## Problem to solve:
Copy exactly the lines from the line holding "Nagaland State Lottery" through the end of the material, and no others; pictures stay out.

## Collected data:
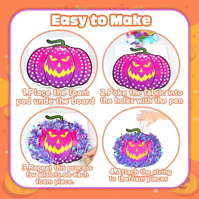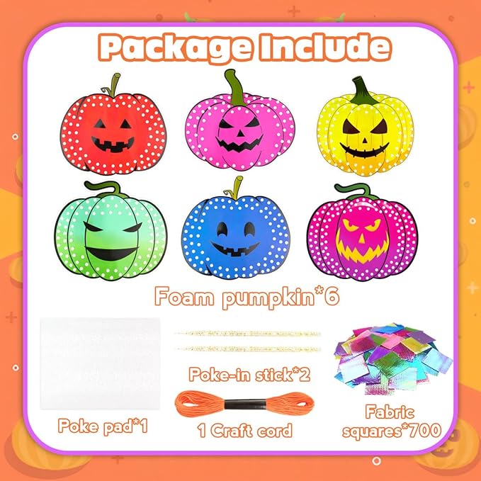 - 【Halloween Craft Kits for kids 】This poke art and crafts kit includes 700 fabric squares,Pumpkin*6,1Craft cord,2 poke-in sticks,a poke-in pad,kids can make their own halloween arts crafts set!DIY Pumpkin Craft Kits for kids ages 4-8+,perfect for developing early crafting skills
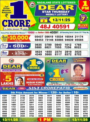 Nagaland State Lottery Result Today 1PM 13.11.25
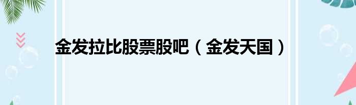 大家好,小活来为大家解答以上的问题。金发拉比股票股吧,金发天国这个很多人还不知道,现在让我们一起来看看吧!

## Output for this task:
 Nagaland State Lottery Result Today 1PM 13.11.25
 大家好,小活来为大家解答以上的问题。金发拉比股票股吧,金发天国这个很多人还不知道,现在让我们一起来看看吧!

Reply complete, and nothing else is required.